Qu'est-ce que l'abattement de 152500 € ?

L'abattement de 152 500 € s'applique par bénéficiaire sur les primes versées avant 70 ans du souscripteur (art. 990 I du CGI). En dessous de ce seuil, le capital est versé en franchise totale de droits. Au-delà, la fraction excédentaire est taxée à 20 % jusqu'à 700 000 €, puis à 31,25 %. Cet abattement est propre à chaque bénéficiaire désigné dans la clause.

Quels sont les pièges à éviter en assurance-vie ?

Les erreurs les plus coûteuses concernent la clause bénéficiaire (absente ou mal rédigée, le capital retombe dans la succession), la confusion entre l'abattement individuel de 152 500 € et l'abattement global de 30 500 € après 70 ans, et les primes manifestement exagérées que l'administration fiscale peut réintégrer dans l'actif successoral.

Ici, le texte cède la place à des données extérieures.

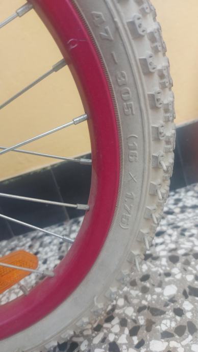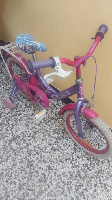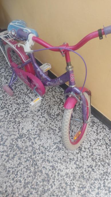 Rabljeni dječji bicikl 16 cola. Ima pomoćna kola. Potrebno promijeniti gume.
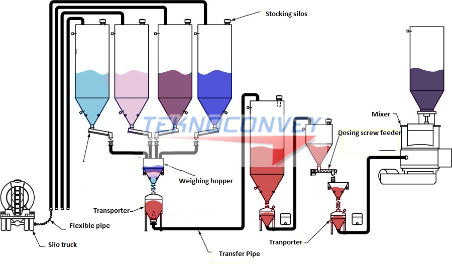 Dense phase pressure conveying systems use compressed air at above 1 Barg (0.5 - 0.8 possible dependent on powder and convey line) to push materials from a pressure vessel, transfer unit or pressure pot or vessel through a pipeline to a destination where the air and product are separated by simple small fitler not as lean phase pneumatic conveying system need’s.
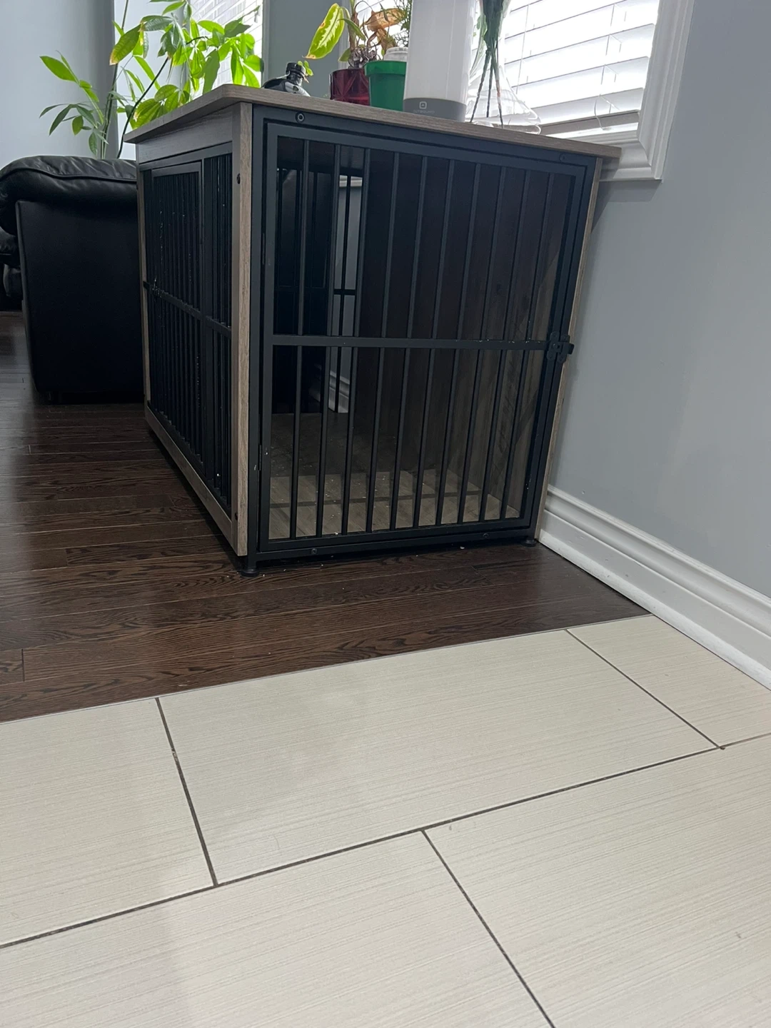 Selling a dog crate that doubles as an end table! It's in great condition and blends seamlessly with home decor. The crate features a sturdy wooden frame with black metal bars, providing a safe and stylish space for your furry friend

Une réforme est par ailleurs en discussion suite au rapport de la Cour des Comptes de décembre 2025.

Est-ce que l'héritage d'une assurance-vie passe par le notaire ?

En principe non. Le capital décès d'une assurance vie est versé directement par l'assureur aux bénéficiaires désignés, sans intervention du notaire. Le notaire peut toutefois être sollicité en cas de primes manifestement exagérées réintégrées dans la succession, de litige entre héritiers sur la clause, ou si le contrat a été souscrit dans un délai rapproché du décès.